** TASK ITEM **
Omit the pictures, please, and give each record below again exactly.

─── DATA FOR THE TASK ───

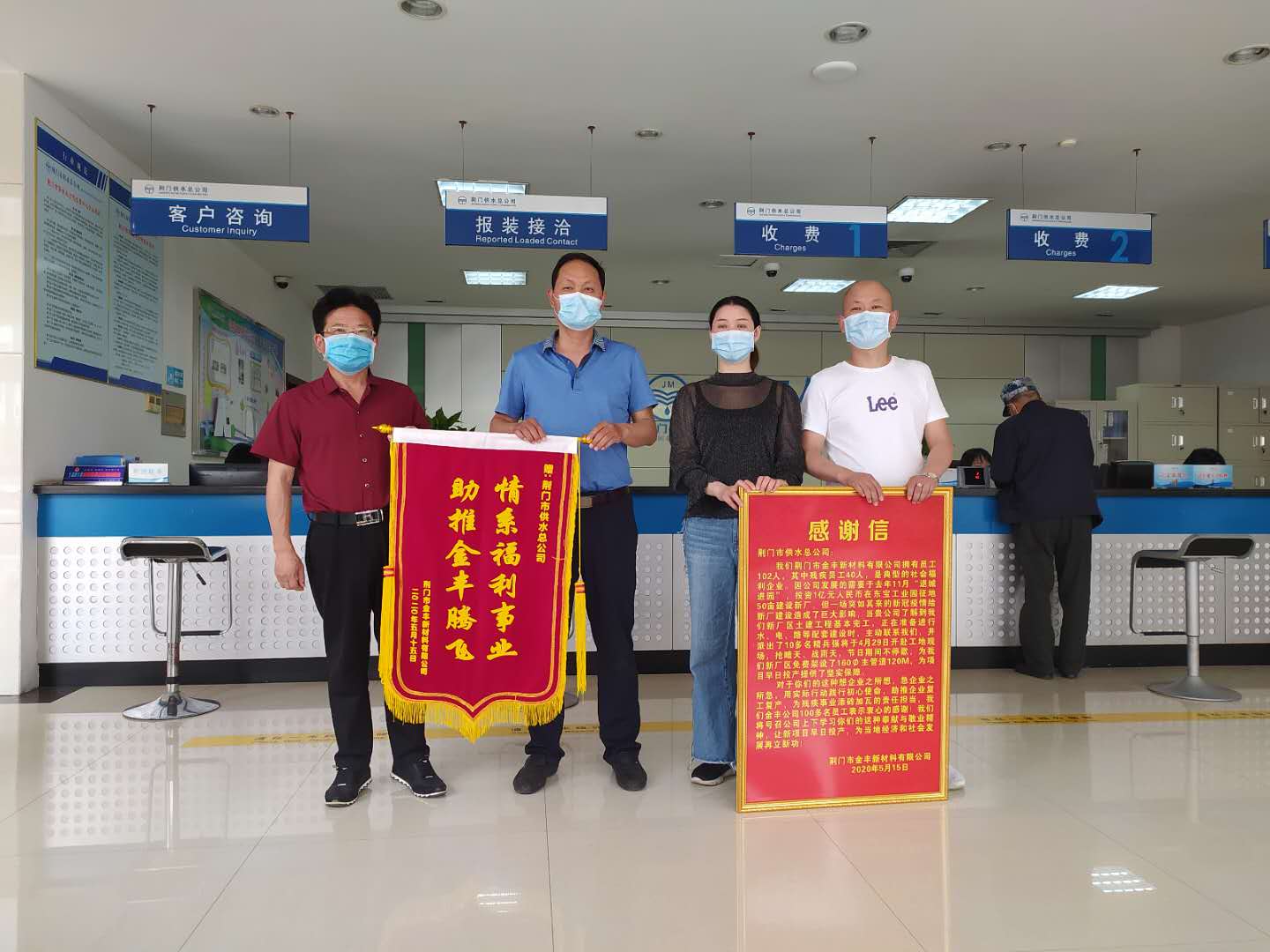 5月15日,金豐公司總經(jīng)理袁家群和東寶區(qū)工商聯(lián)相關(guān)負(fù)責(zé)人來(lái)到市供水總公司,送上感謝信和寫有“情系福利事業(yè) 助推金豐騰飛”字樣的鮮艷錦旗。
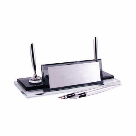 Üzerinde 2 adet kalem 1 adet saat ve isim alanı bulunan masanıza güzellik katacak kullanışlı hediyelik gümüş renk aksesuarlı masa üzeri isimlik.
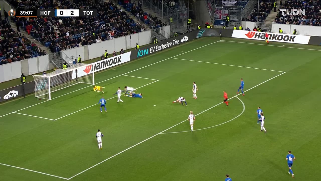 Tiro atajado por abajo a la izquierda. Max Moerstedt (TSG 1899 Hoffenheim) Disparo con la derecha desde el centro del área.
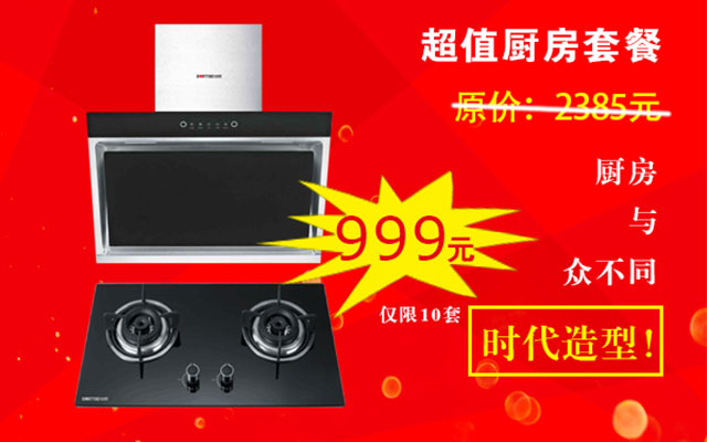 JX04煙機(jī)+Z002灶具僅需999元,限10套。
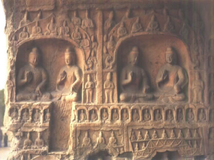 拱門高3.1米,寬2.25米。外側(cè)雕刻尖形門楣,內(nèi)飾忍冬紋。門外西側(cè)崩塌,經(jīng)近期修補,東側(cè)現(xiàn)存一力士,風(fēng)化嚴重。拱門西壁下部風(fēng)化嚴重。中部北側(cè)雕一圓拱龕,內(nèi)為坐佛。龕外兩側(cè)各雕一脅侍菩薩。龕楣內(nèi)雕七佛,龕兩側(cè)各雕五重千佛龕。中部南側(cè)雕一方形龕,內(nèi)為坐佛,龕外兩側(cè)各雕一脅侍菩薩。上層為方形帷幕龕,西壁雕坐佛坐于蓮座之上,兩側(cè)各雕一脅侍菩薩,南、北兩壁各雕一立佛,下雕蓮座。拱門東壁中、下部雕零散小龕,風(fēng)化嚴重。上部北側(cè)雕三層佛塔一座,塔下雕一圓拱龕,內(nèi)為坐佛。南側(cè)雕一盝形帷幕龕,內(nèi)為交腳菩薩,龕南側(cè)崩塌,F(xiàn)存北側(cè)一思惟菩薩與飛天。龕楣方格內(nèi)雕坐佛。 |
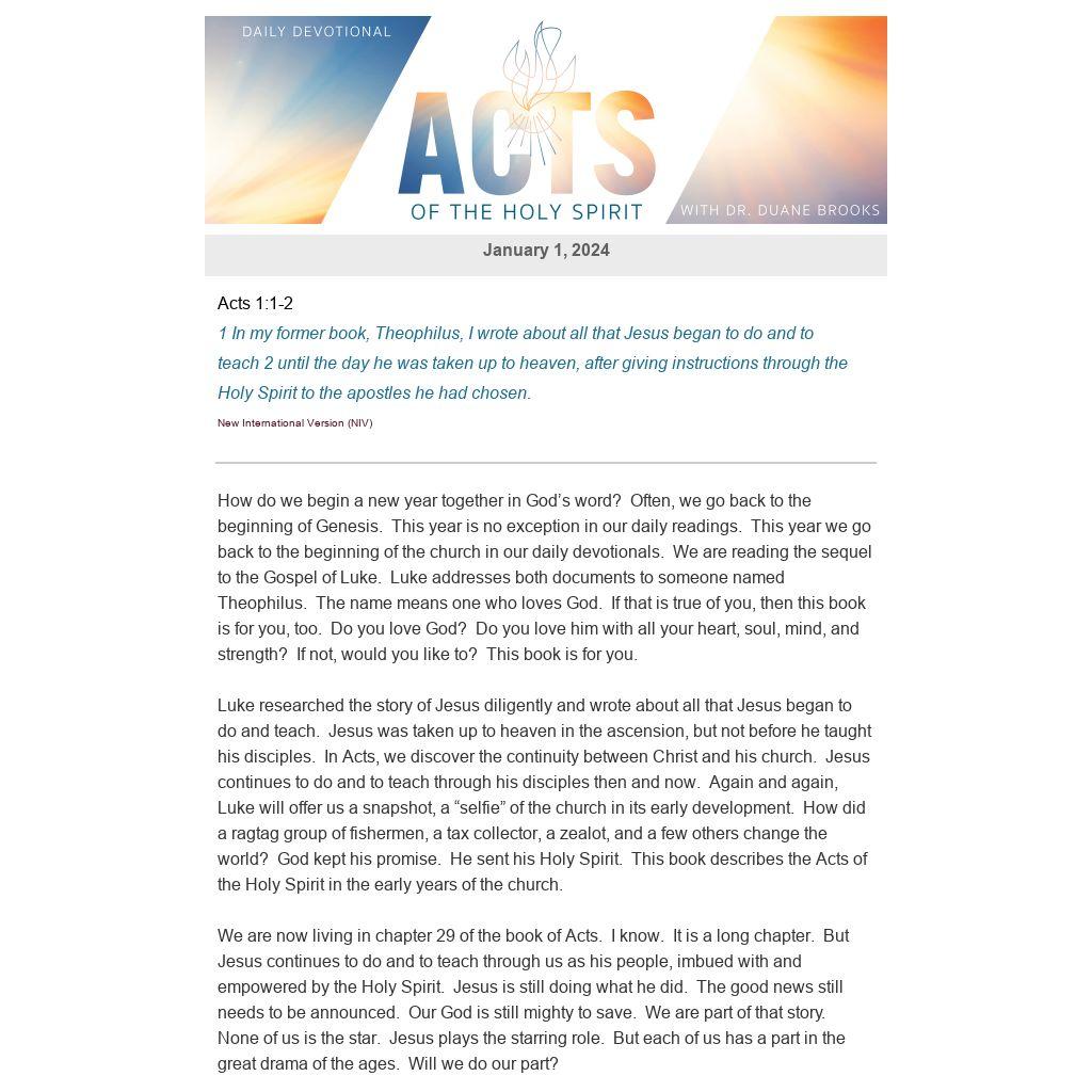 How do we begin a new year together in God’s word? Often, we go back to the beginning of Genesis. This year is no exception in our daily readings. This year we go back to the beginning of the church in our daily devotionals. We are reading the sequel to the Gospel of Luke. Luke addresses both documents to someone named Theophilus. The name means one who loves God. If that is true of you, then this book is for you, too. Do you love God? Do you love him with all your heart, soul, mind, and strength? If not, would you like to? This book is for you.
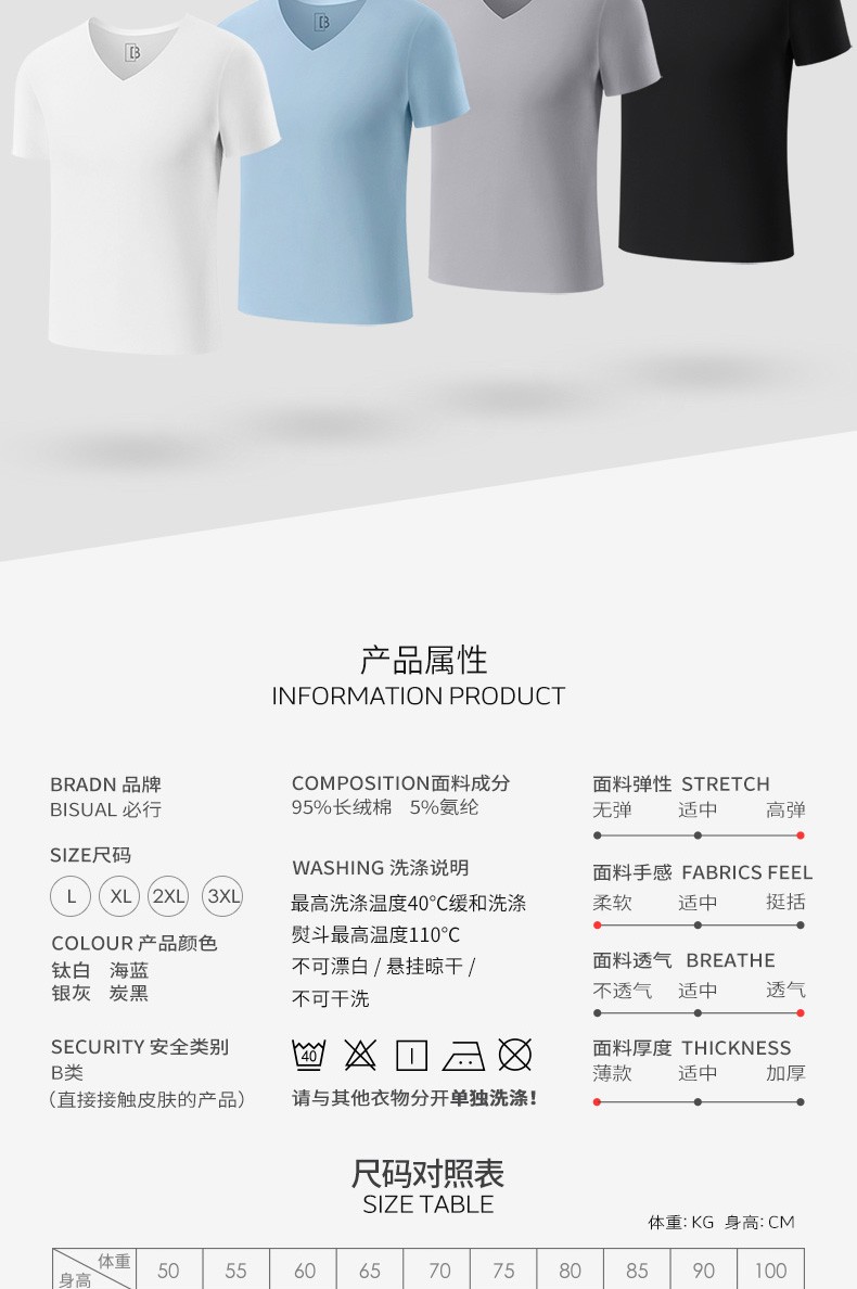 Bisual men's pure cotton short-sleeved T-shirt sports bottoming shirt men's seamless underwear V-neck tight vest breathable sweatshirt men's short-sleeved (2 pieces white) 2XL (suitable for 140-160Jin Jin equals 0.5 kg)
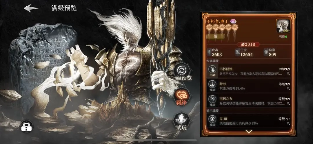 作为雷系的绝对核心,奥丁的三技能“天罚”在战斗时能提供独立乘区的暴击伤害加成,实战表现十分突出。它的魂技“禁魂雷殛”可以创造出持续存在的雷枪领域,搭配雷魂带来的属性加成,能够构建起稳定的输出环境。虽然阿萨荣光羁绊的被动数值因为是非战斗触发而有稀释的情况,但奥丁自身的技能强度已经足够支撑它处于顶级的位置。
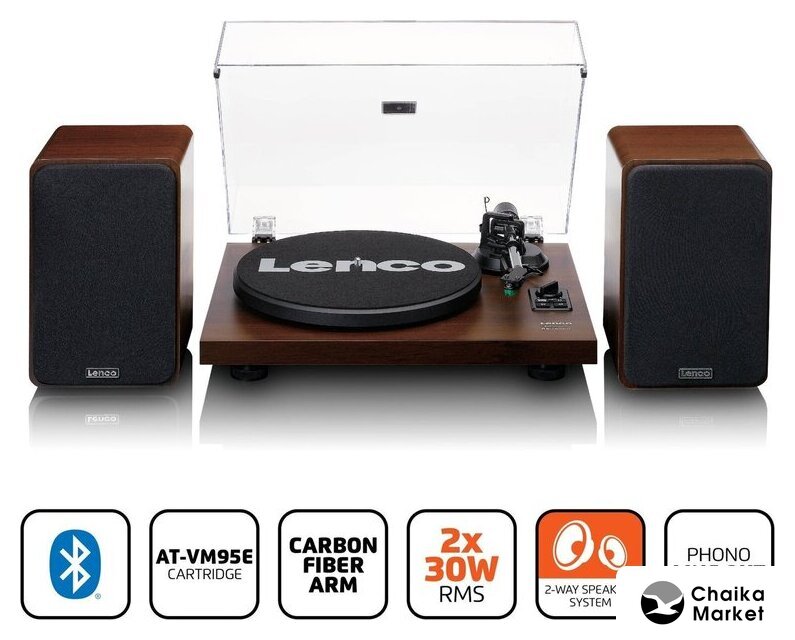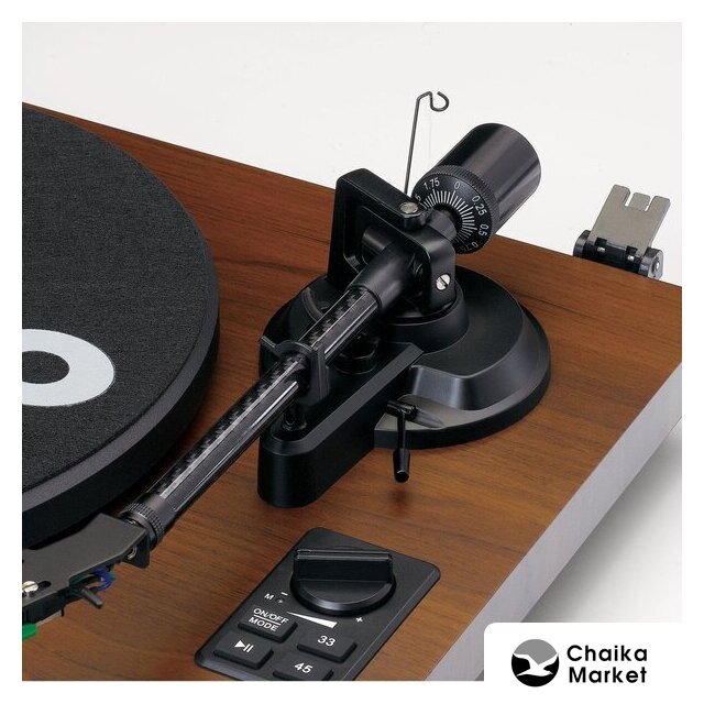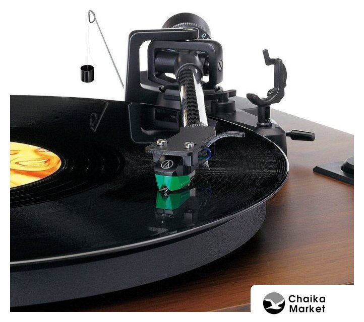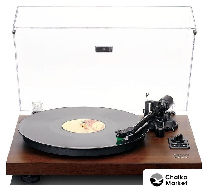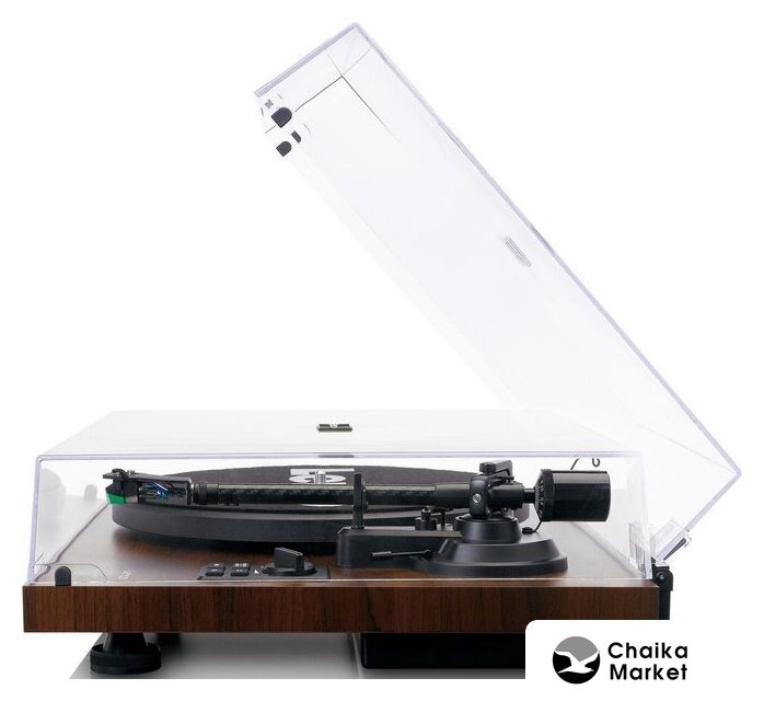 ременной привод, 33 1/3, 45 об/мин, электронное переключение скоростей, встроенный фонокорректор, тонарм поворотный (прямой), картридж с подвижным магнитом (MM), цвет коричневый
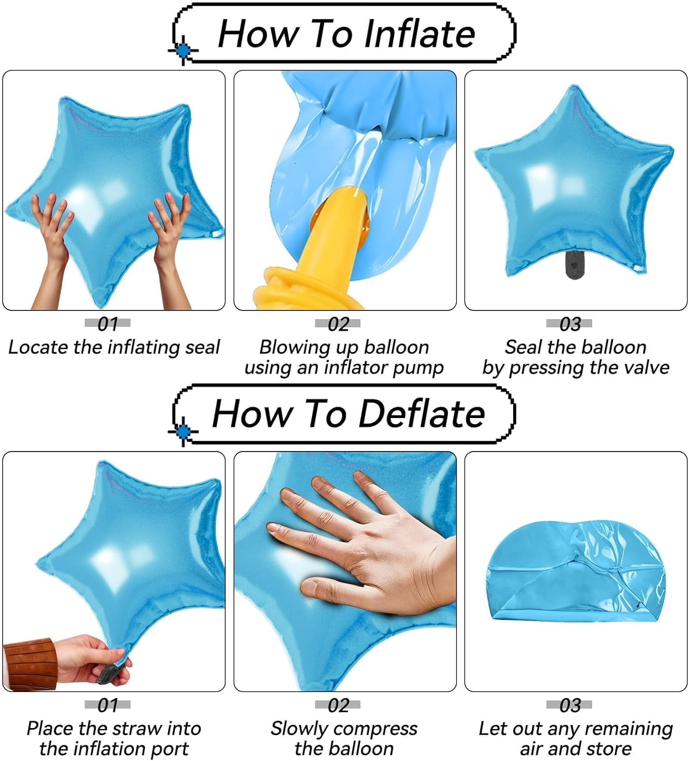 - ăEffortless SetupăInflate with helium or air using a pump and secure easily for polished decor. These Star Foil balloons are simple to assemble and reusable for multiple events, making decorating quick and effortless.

───

** FINAL ANSWER **
 5月15日,金豐公司總經(jīng)理袁家群和東寶區(qū)工商聯(lián)相關(guān)負(fù)責(zé)人來(lái)到市供水總公司,送上感謝信和寫有“情系福利事業(yè) 助推金豐騰飛”字樣的鮮艷錦旗。
 Üzerinde 2 adet kalem 1 adet saat ve isim alanı bulunan masanıza güzellik katacak kullanışlı hediyelik gümüş renk aksesuarlı masa üzeri isimlik.
 Tiro atajado por abajo a la izquierda. Max Moerstedt (TSG 1899 Hoffenheim) Disparo con la derecha desde el centro del área.
 JX04煙機(jī)+Z002灶具僅需999元,限10套。
 拱門高3.1米,寬2.25米。外側(cè)雕刻尖形門楣,內(nèi)飾忍冬紋。門外西側(cè)崩塌,經(jīng)近期修補,東側(cè)現(xiàn)存一力士,風(fēng)化嚴重。拱門西壁下部風(fēng)化嚴重。中部北側(cè)雕一圓拱龕,內(nèi)為坐佛。龕外兩側(cè)各雕一脅侍菩薩。龕楣內(nèi)雕七佛,龕兩側(cè)各雕五重千佛龕。中部南側(cè)雕一方形龕,內(nèi)為坐佛,龕外兩側(cè)各雕一脅侍菩薩。上層為方形帷幕龕,西壁雕坐佛坐于蓮座之上,兩側(cè)各雕一脅侍菩薩,南、北兩壁各雕一立佛,下雕蓮座。拱門東壁中、下部雕零散小龕,風(fēng)化嚴重。上部北側(cè)雕三層佛塔一座,塔下雕一圓拱龕,內(nèi)為坐佛。南側(cè)雕一盝形帷幕龕,內(nèi)為交腳菩薩,龕南側(cè)崩塌,F(xiàn)存北側(cè)一思惟菩薩與飛天。龕楣方格內(nèi)雕坐佛。 |
 How do we begin a new year together in God’s word? Often, we go back to the beginning of Genesis. This year is no exception in our daily readings. This year we go back to the beginning of the church in our daily devotionals. We are reading the sequel to the Gospel of Luke. Luke addresses both documents to someone named Theophilus. The name means one who loves God. If that is true of you, then this book is for you, too. Do you love God? Do you love him with all your heart, soul, mind, and strength? If not, would you like to? This book is for you.
 Bisual men's pure cotton short-sleeved T-shirt sports bottoming shirt men's seamless underwear V-neck tight vest breathable sweatshirt men's short-sleeved (2 pieces white) 2XL (suitable for 140-160Jin Jin equals 0.5 kg)
 作为雷系的绝对核心,奥丁的三技能“天罚”在战斗时能提供独立乘区的暴击伤害加成,实战表现十分突出。它的魂技“禁魂雷殛”可以创造出持续存在的雷枪领域,搭配雷魂带来的属性加成,能够构建起稳定的输出环境。虽然阿萨荣光羁绊的被动数值因为是非战斗触发而有稀释的情况,但奥丁自身的技能强度已经足够支撑它处于顶级的位置。
 ременной привод, 33 1/3, 45 об/мин, электронное переключение скоростей, встроенный фонокорректор, тонарм поворотный (прямой), картридж с подвижным магнитом (MM), цвет коричневый
 - ăEffortless SetupăInflate with helium or air using a pump and secure easily for polished decor. These Star Foil balloons are simple to assemble and reusable for multiple events, making decorating quick and effortless.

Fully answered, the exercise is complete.